Open Source Scores in ELCOT
A case study on Open Source in EngineeringReader ROI
Executive Summary
On May 26, 2006, Elcot (Electronics Corporation of Tamil Nadu) let in its first penguin. Things would never be the same again. A year later, Umashankar and his team had moved 30,000 computers and 1,880 severs belonging to some of the state's schools to Linux - creating possibly the largest Linux rollout in India.
Elcot has never looked back since then.
Elcot's managing director, C. Umashankar, walked into his office in Chennai, Tamil Nadu and was handed a brand new laptop. He recalls promptly giving it back to his PA. "I asked him to load Suse Linux on it. I guess he was surprised.

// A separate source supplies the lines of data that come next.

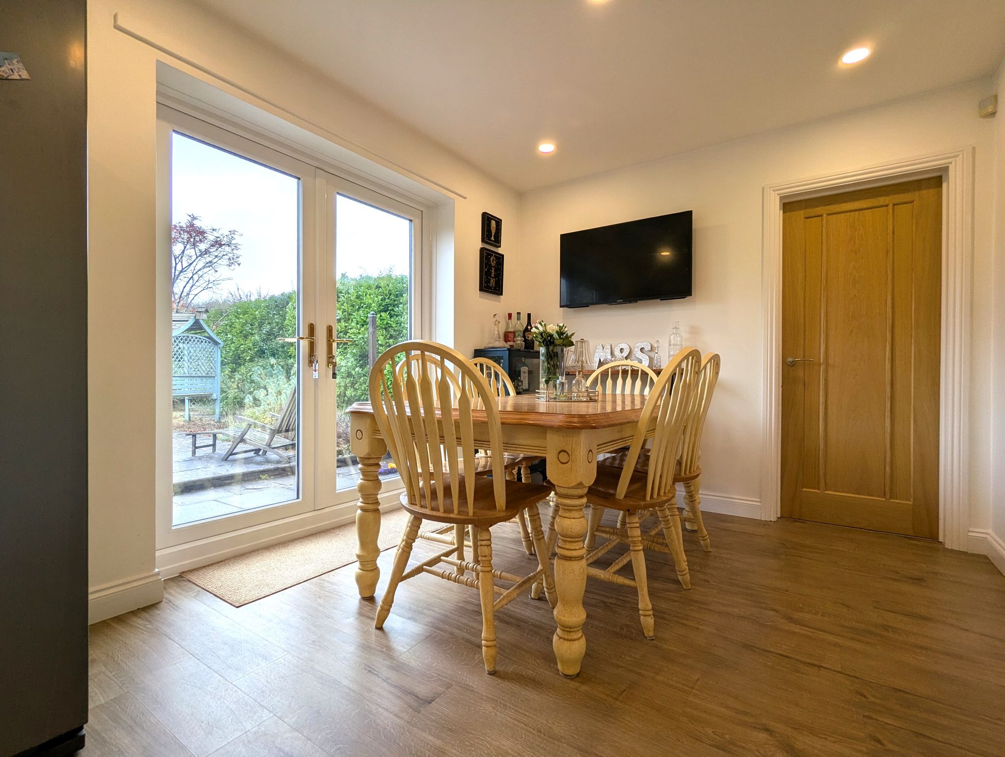 Kitchen/Breakfast Room - 9'1 x 22' (2.79m x 6.72m) - With Amtico LVT flooring throughout, this spacious kitchen with breakfast area offers an ample range of fitted base and wall units with work surfaces and tiled splashback. Integrated electric oven and hob with overhead extractor. Space for a dishwasher and American style fridge/freezer. Composite one-and-a-half sink with mixer tap below a rear-facing UPVC double glazed window. Double UPVC French doors looking out onto the rear garden. 2 wall mounted radiators and access to the rear of the garage.
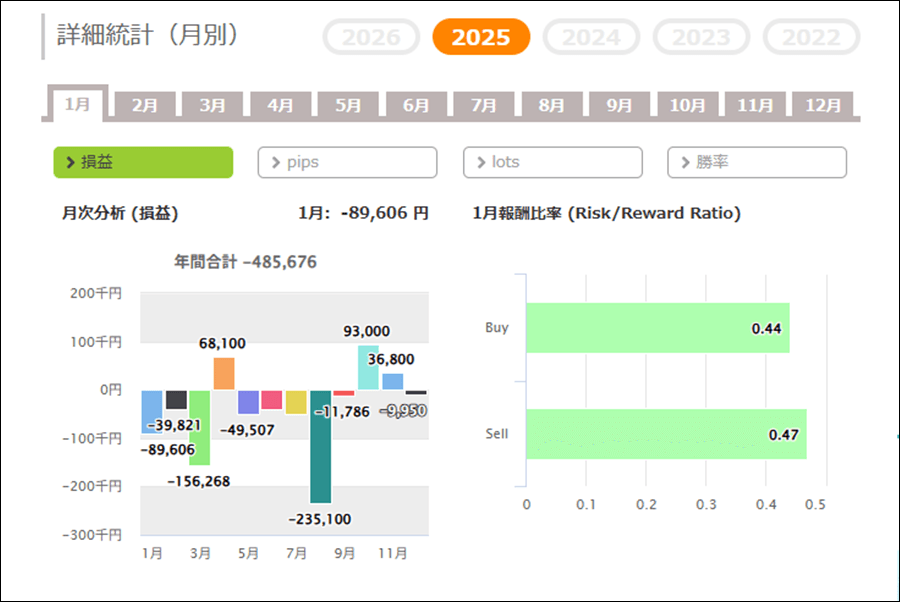 月次分析を見ると、マイナスの月もありますが、総合的にはプラスになっています。2025年はマイナスが続きトータルでマイナスです。
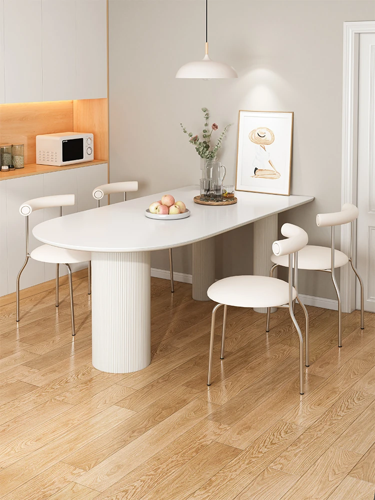 フランス風クリーム仕上げのスリムな岩板ダイニングテーブルセット - 小型住宅向けのモダンでシンプルなデザイン、食事を楽しむための理想的なテーブルとチェアの組み合わせ!
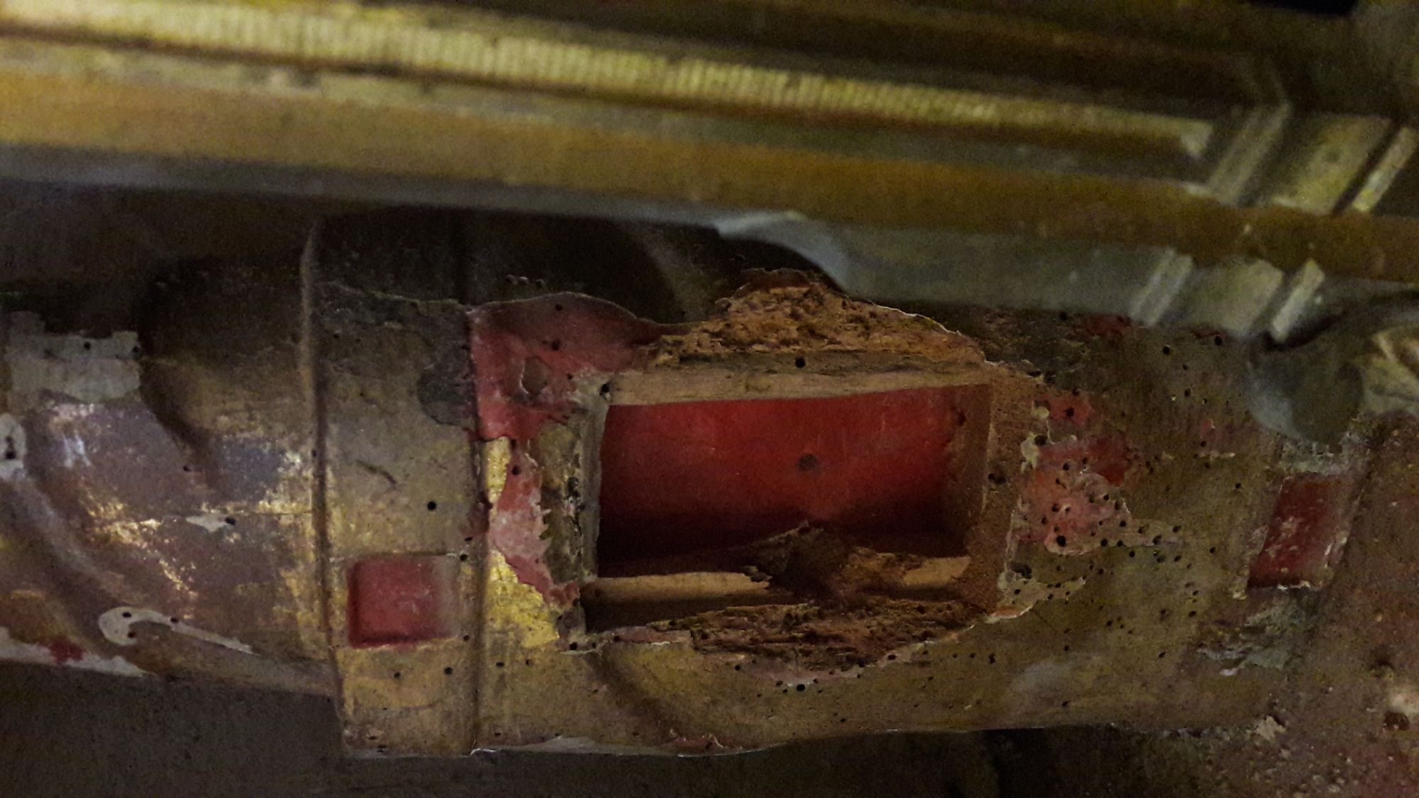 Or, comme l’illustrent les clichés, ces deux bras reliquaires sont en péril car attaqués par des insectes xylophages qui ruinent petit à petit les deux œuvres. Aussi la commune de Vatan a-t-elle pris la décision de les restaurer. Soutenue par la DRAC et le Département de l’Indre, la première étape préalable à leur restauration consiste en une mise en anoxie. C’est l’atelier 3PA de La Croix-en-Touraine qui a assuré ce traitement.
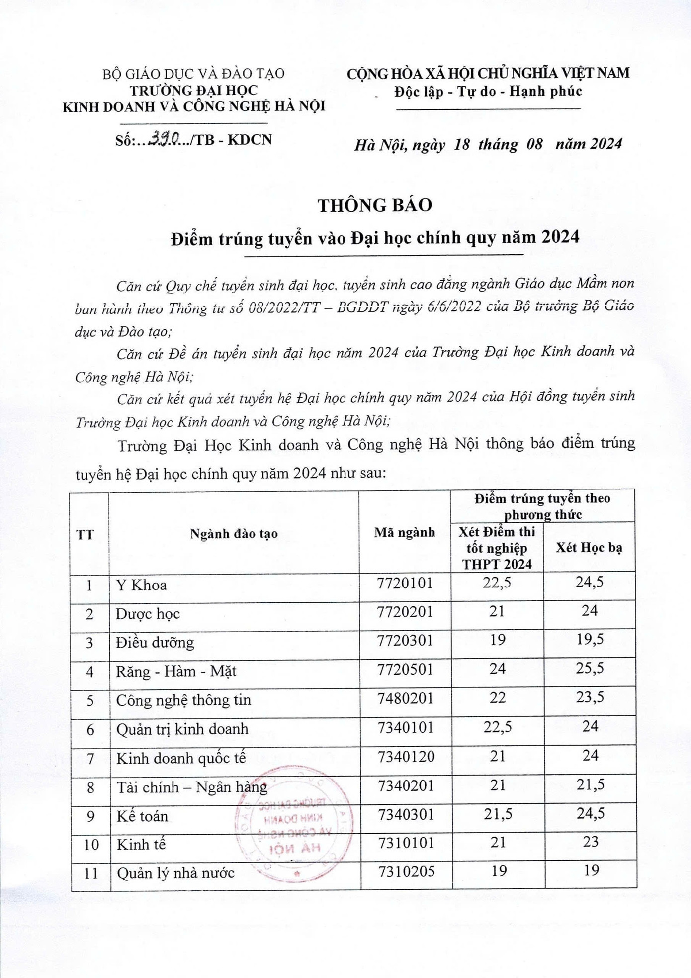 Theo đó, ngày 18/8 theo lộ trình quy định của Bộ Giáo dục, Trường Đại học Kinh doanh và Công nghệ Hà Nội đã công bố điểm trúng tuyển của 27 ngành đào tạo theo 2 phương thức xét tuyển: Xét điểm thi tốt nghiệp THPT 2024 (Đã bao gồm điểm ưu tiên theo quy định) và Xét học bạ THPT (Không bao gồm điểm ưu tiên).
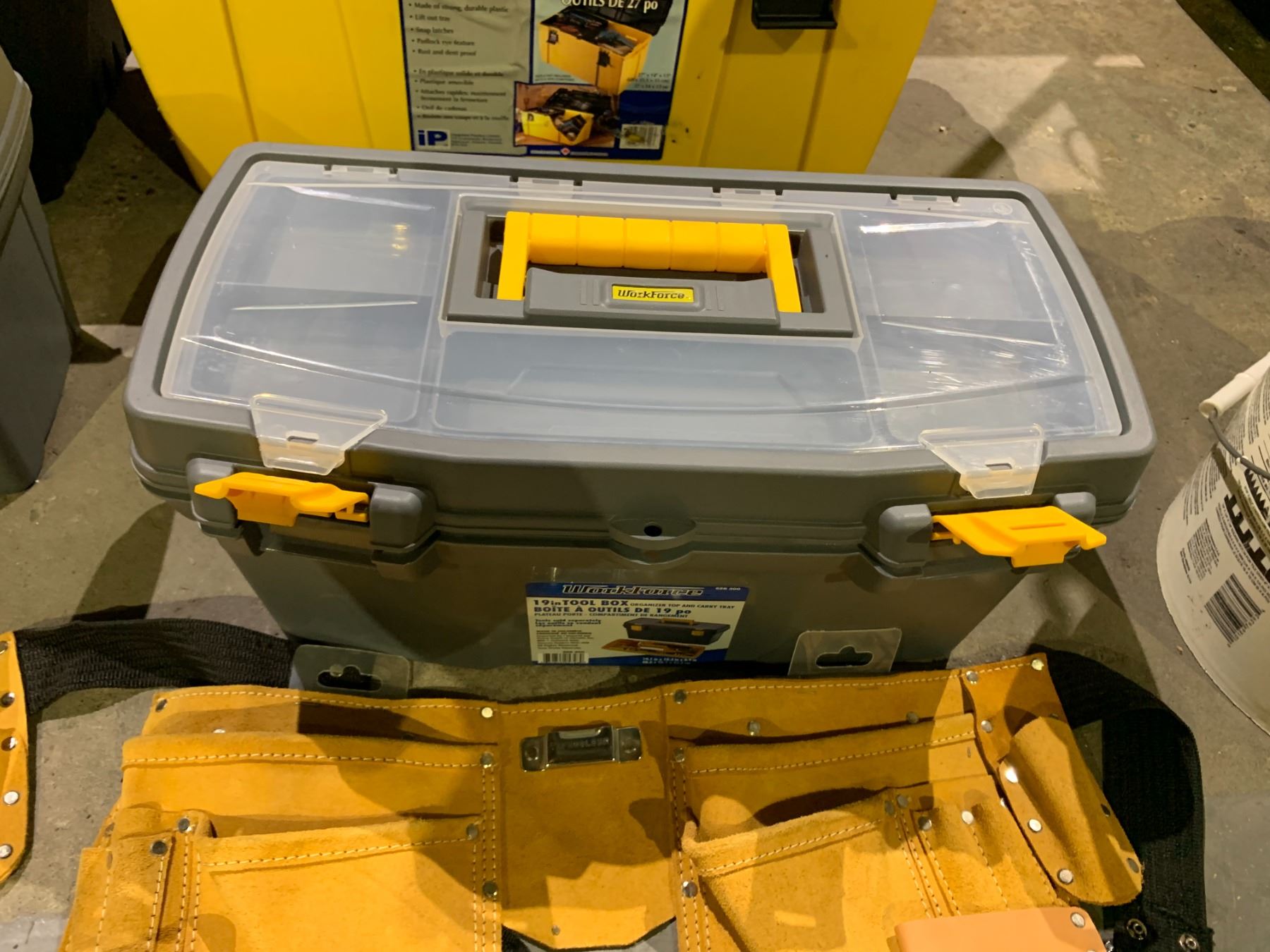4 ASSORTED TOOLBOXES WITH ASSORTED CONTENTS INCLUDING; PLUMBING HOSE, DOOR PARTS, NEW TOOLBELTS & MORE
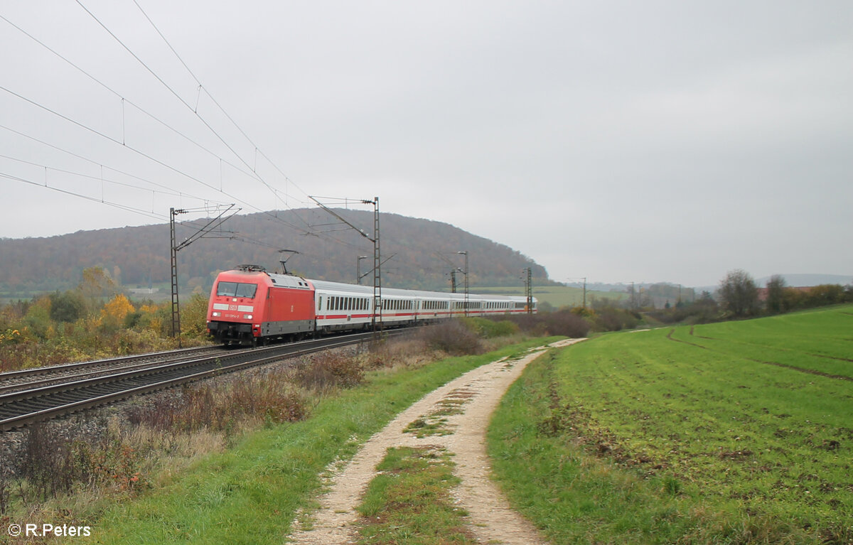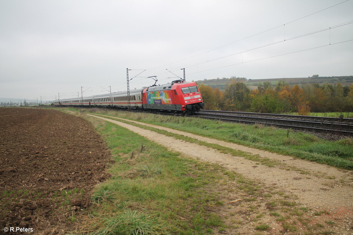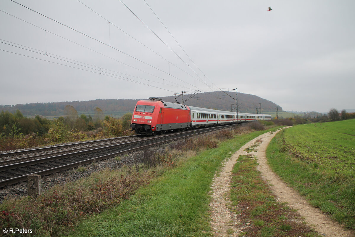 101 066-9  Einziganders  erreicht Treuchtlingen mit dem IC2083/85 Hamburg Altona - Berchetesgarden/Obersdorf. 01.11.24

But when the installation - complete with drivers and wireless networking - only took 45 minutes and very little external effort, there was a new confidence in my PA." That confidence spread quickly. And with it came more penguins. Within weeks, the Rs 750-crore Elcot was undergoing a enterprise-wide migration to Suse Linux. A year later, Umashankar and his team had moved 30,000 computers and 1,880 severs belonging to some of the state's schools to Linux . Open Source has won the confidence vote at ELCOT.
Case Study Highlights
- 55 percent is the amount Elcot saves on every PC because it uses Linux
- Rs 5 Crore is the amount Elcot saves on 20 servers it sets up with Linux. They have over 1,800 servers.
- 25 percent is the amount Elcot saves on any general hardware purchase and 90 percent is the amount Elcot saves on highend servers.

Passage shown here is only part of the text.